▸ **Task to carry out**
The records below are to be output exactly, except for their pictures.

▸ **Records to use**
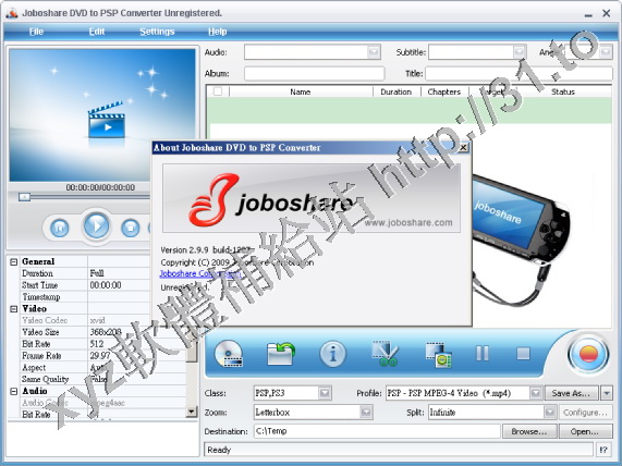 • Joboshare DVD to PSP Converter v2.9.9.1227 英文正式版(音視頻轉換軟體)
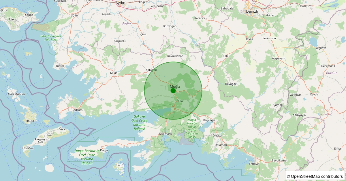 Son 7 gün içinde Menteşe - Akkaya noktasından 100 km yarıçap içerisinde meydana gelen diğer depremler:
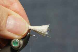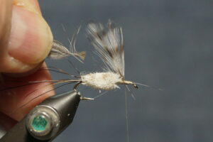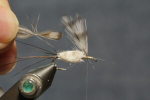 Tie in wings; thread wrap in front and behind, figure 8 to separate the wings
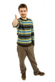 Zdjęcie "młody człowiek dorywczo będzie kciuk w w tle" może być wykorzystywane do celów osobistych i komercyjnych zgodnie z warunkami zakupionej licencji Royalty-free. Obraz jest dostępny do pobrania w jakości wysokiej rozdzielczości do 5760x3840.
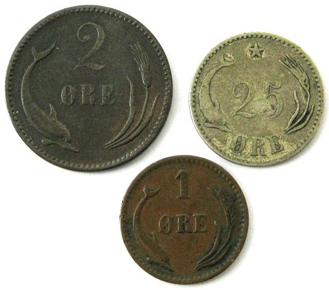 Christian IX, 1 og 2 øre samt 25 øre sølv, alle 1891
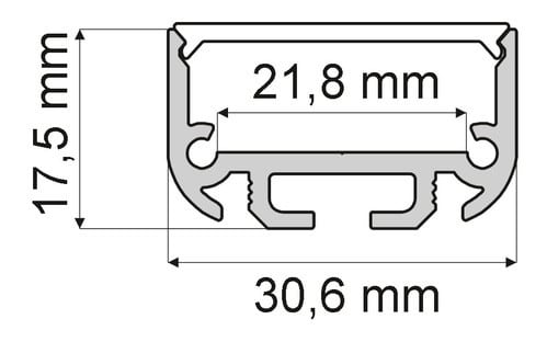 ** Caratteristiche generali ** Composto da: -n. 1 profilo di alluminio da 3m, -n. 1 copertura da 3m ** Caratteristiche Elettriche ** Potenza dissipabile (35°C): 30W/m ** Caratteristiche Meccaniche ** Lunghezza profilo: 3m Larghezza: 30.6mm Larghezza interna: 21.8mm Altezza: 17.5mm Grado di protezione: IP20 Colore corpo: Grigio Diffusore: Policarbonato opaco
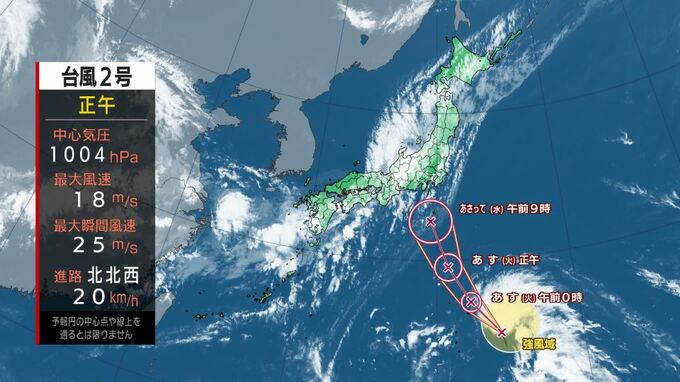 24日正午には父島の北北西約310キロの北緯29度35分、東経140度50分を中心とする半径95キロの円内に達する見込みです。中心の気圧は1004ヘクトパスカル、中心付近の最大風速は18メートル、最大瞬間風速は25メートルが予想されます。
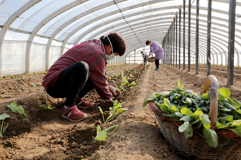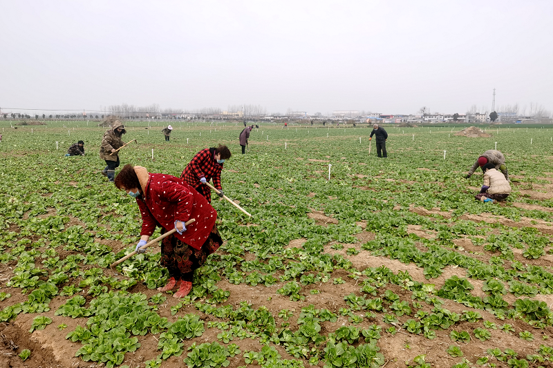 鲁山县马楼乡的万顺农业有限公司在政府支持引导下有序复产春耕,在该乡尧场村果蔬基地里,复工复产的工人们正间隔剔除作业。(杨炳辉 摄)
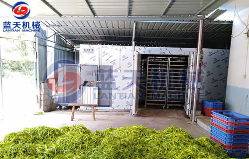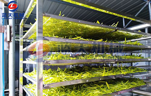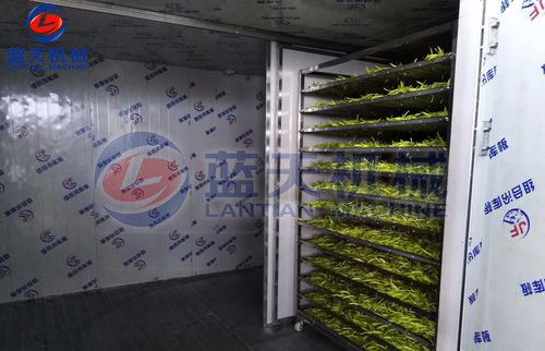 先把黃花菜均勻的攤放在推車托盤上,推車托盤最要用不銹鋼制作的,有利于加快干燥的時(shí)間。每層大約攤放7公分厚。層與層之間要預(yù)留8公分的距離,確保每層的通風(fēng)效果。一部推車最好不要超過15層。裝好后放在烘干房?jī)?nèi)。
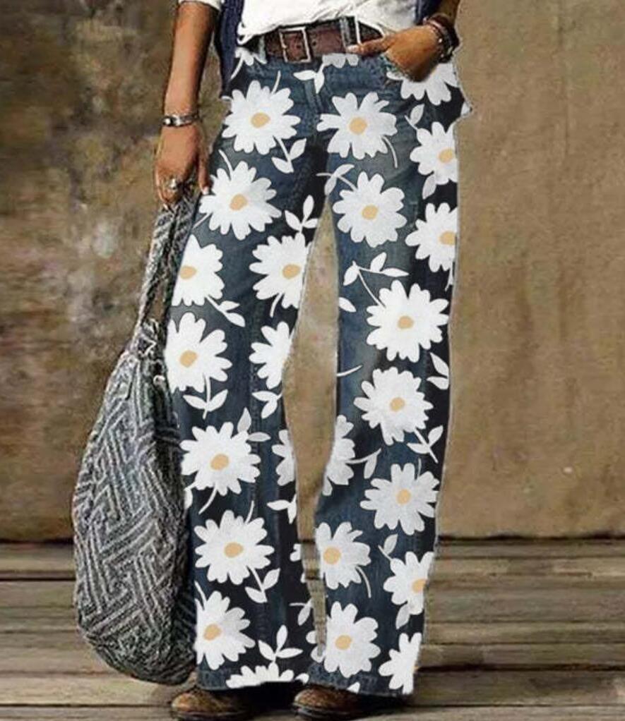 Pantalones de pierna ancha transfronterizos 2023 Primavera y Verano Amazon Pantalones rectos urbanos casuales sin cinturón Pantalones estampados Lunares
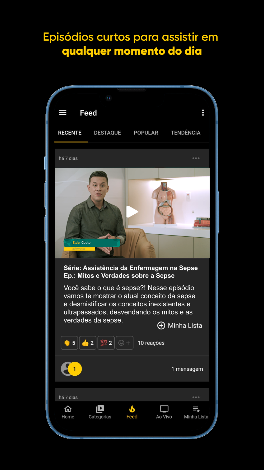Aplicativo de educação streaming exclusivo na área da saúde, voltado para técnicos de enfermagem que querem se especializar com trilhas de conteúdo exclusivas.
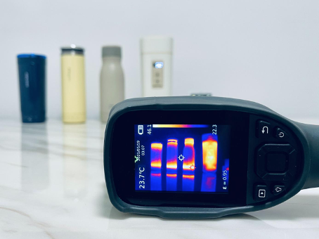 五個小時基本快到了最佳保溫性能的臨界點了。熱成像儀掃了一下,看出跟剛才的測溫結果區別不是很大,三款保溫杯的水溫依舊比大宇理想。
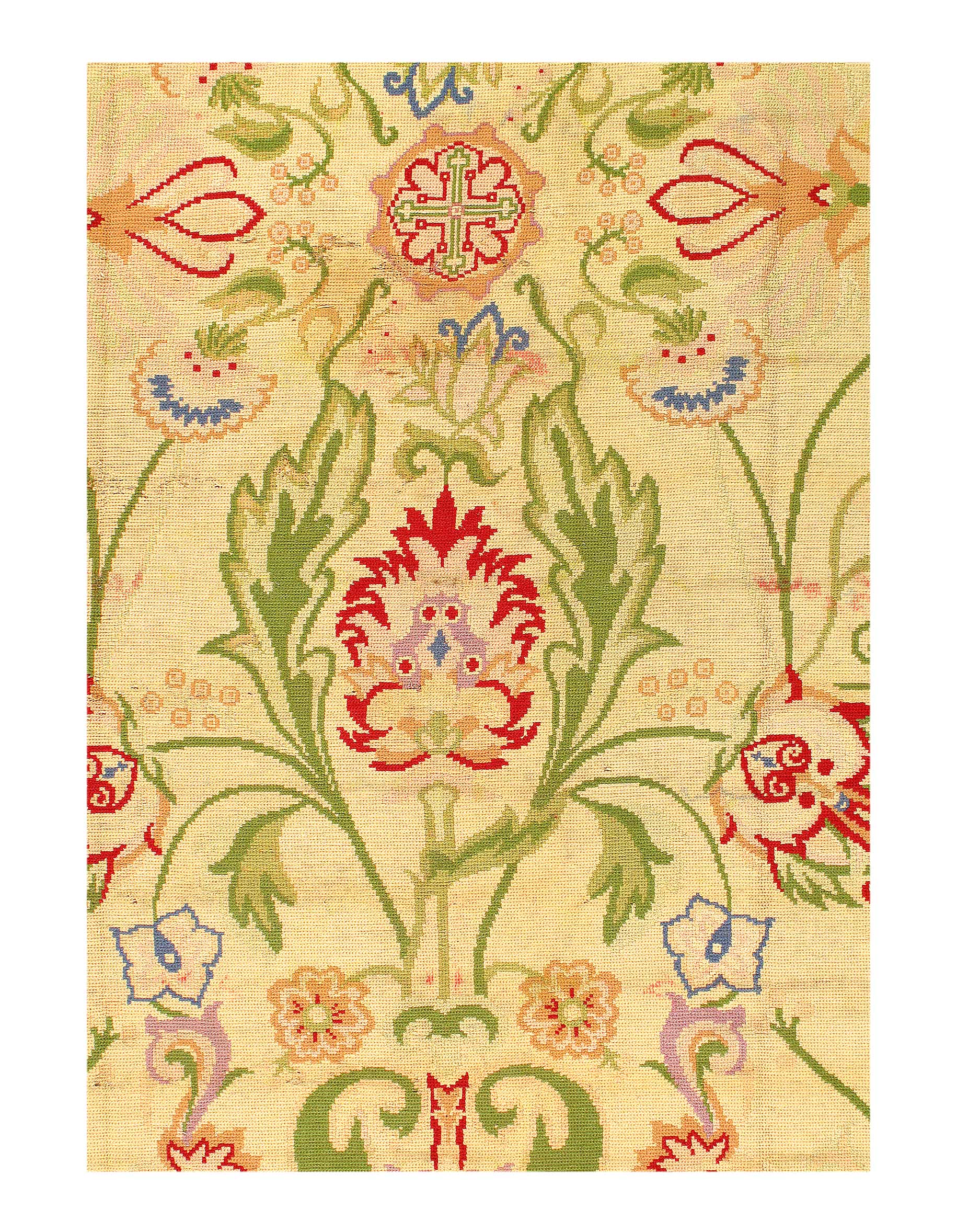 This entire antique carpet is simply charming and would make an excellent addition to many different styles. It has an Arts and Crafts feel, or perhaps it could be considered farmhouse. It would be the perfect addition to a traditional or historical room. As a collector’s piece, it is a significant piece, not only for its splendid design but also for its place in the history of the needlewomen of Arraiolos.
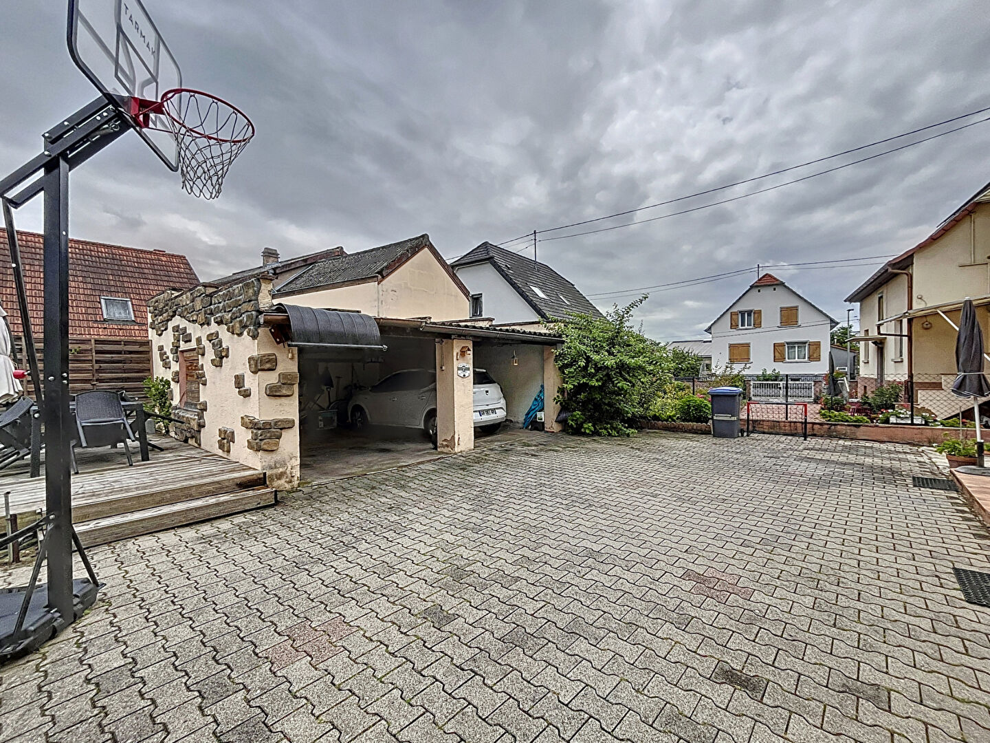 La copropriété offre de belles prestations extérieures : une terrasse , un coin de verdure ainsi qu’un bâtiment annexe accueillant deux garages, dont un est vendu avec l’appartement. La maison dispose également d’un sous-sol complet, à partager entre les deux lots, offrant ainsi une importante capacité de stockage.
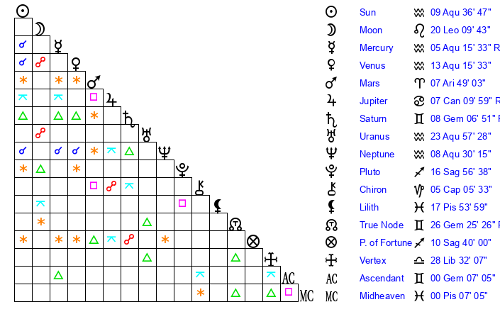 Moon | 20 Leo 4 | 12 Aquarius 20 | 17 Gemini 8 |
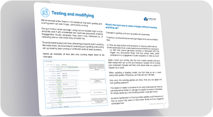 Testing and modifying We’ve iterated a few times in this handbook that both grading and What’s the best way to make changes without messing scoring aren’t set-and-forget, particularly scoring. anything up? Our gut instinct when we begin using custom models might not be Changes to grading and scoring update retrospectively. accurate and if left unattended we could see prospects entering Engagement Studio programs they aren’t truly interested in, or Therefore, we should only be making changes when we’re confident receiving phone calls when they shouldn’t be. that: To avoid wasting anyone’s time, alienating prospects and frustrating a) They are appropriate and necessary to improve performance. the sales team, we recommend reviewing your grading and scoring b) We understand how recalculated scores will affect our prospects set up monthly and running a full Pardot audit at least quarterly. i.e. Will their scores generally increase or decrease? Will this trigger any Automation Rules that may assign leads, admit Here’s an example of how and why scoring might need to be prospects into Engagement Studio programs or other actions? changed: Again, revisit your written plan for both custom models and your lead assignment set up first and foremost. Update this to include your proposed changes and then write down what you expect to happen as a result. When updating a Grading model, the first thing to do is reset everyone’s grades. Otherwise, you’ll be left with old data. Only once the existing grades are reset, then you can apply the new grading approach. The reason it needs to be done in this way is because we have to use Automation Rules to manage the grade increase or decrease. So simply applying a new Grading system could get messy. As we’ve mentioned, for Scoring model updates, audit the account first so you’re fully aware of Automation Rules and any triggered consequences. marcloudconsulting.com 25

▸ **Problem solution**
 • Joboshare DVD to PSP Converter v2.9.9.1227 英文正式版(音視頻轉換軟體)
 Son 7 gün içinde Menteşe - Akkaya noktasından 100 km yarıçap içerisinde meydana gelen diğer depremler:
 Tie in wings; thread wrap in front and behind, figure 8 to separate the wings
 Zdjęcie "młody człowiek dorywczo będzie kciuk w w tle" może być wykorzystywane do celów osobistych i komercyjnych zgodnie z warunkami zakupionej licencji Royalty-free. Obraz jest dostępny do pobrania w jakości wysokiej rozdzielczości do 5760x3840.
 Christian IX, 1 og 2 øre samt 25 øre sølv, alle 1891
 ** Caratteristiche generali ** Composto da: -n. 1 profilo di alluminio da 3m, -n. 1 copertura da 3m ** Caratteristiche Elettriche ** Potenza dissipabile (35°C): 30W/m ** Caratteristiche Meccaniche ** Lunghezza profilo: 3m Larghezza: 30.6mm Larghezza interna: 21.8mm Altezza: 17.5mm Grado di protezione: IP20 Colore corpo: Grigio Diffusore: Policarbonato opaco
 24日正午には父島の北北西約310キロの北緯29度35分、東経140度50分を中心とする半径95キロの円内に達する見込みです。中心の気圧は1004ヘクトパスカル、中心付近の最大風速は18メートル、最大瞬間風速は25メートルが予想されます。
 鲁山县马楼乡的万顺农业有限公司在政府支持引导下有序复产春耕,在该乡尧场村果蔬基地里,复工复产的工人们正间隔剔除作业。(杨炳辉 摄)
 先把黃花菜均勻的攤放在推車托盤上,推車托盤最要用不銹鋼制作的,有利于加快干燥的時(shí)間。每層大約攤放7公分厚。層與層之間要預(yù)留8公分的距離,確保每層的通風(fēng)效果。一部推車最好不要超過15層。裝好后放在烘干房?jī)?nèi)。
 Pantalones de pierna ancha transfronterizos 2023 Primavera y Verano Amazon Pantalones rectos urbanos casuales sin cinturón Pantalones estampados Lunares
Aplicativo de educação streaming exclusivo na área da saúde, voltado para técnicos de enfermagem que querem se especializar com trilhas de conteúdo exclusivas.
 五個小時基本快到了最佳保溫性能的臨界點了。熱成像儀掃了一下,看出跟剛才的測溫結果區別不是很大,三款保溫杯的水溫依舊比大宇理想。
 This entire antique carpet is simply charming and would make an excellent addition to many different styles. It has an Arts and Crafts feel, or perhaps it could be considered farmhouse. It would be the perfect addition to a traditional or historical room. As a collector’s piece, it is a significant piece, not only for its splendid design but also for its place in the history of the needlewomen of Arraiolos.
 La copropriété offre de belles prestations extérieures : une terrasse , un coin de verdure ainsi qu’un bâtiment annexe accueillant deux garages, dont un est vendu avec l’appartement. La maison dispose également d’un sous-sol complet, à partager entre les deux lots, offrant ainsi une importante capacité de stockage.
 Moon | 20 Leo 4 | 12 Aquarius 20 | 17 Gemini 8 |
 Testing and modifying We’ve iterated a few times in this handbook that both grading and What’s the best way to make changes without messing scoring aren’t set-and-forget, particularly scoring. anything up? Our gut instinct when we begin using custom models might not be Changes to grading and scoring update retrospectively. accurate and if left unattended we could see prospects entering Engagement Studio programs they aren’t truly interested in, or Therefore, we should only be making changes when we’re confident receiving phone calls when they shouldn’t be. that: To avoid wasting anyone’s time, alienating prospects and frustrating a) They are appropriate and necessary to improve performance. the sales team, we recommend reviewing your grading and scoring b) We understand how recalculated scores will affect our prospects set up monthly and running a full Pardot audit at least quarterly. i.e. Will their scores generally increase or decrease? Will this trigger any Automation Rules that may assign leads, admit Here’s an example of how and why scoring might need to be prospects into Engagement Studio programs or other actions? changed: Again, revisit your written plan for both custom models and your lead assignment set up first and foremost. Update this to include your proposed changes and then write down what you expect to happen as a result. When updating a Grading model, the first thing to do is reset everyone’s grades. Otherwise, you’ll be left with old data. Only once the existing grades are reset, then you can apply the new grading approach. The reason it needs to be done in this way is because we have to use Automation Rules to manage the grade increase or decrease. So simply applying a new Grading system could get messy. As we’ve mentioned, for Scoring model updates, audit the account first so you’re fully aware of Automation Rules and any triggered consequences. marcloudconsulting.com 25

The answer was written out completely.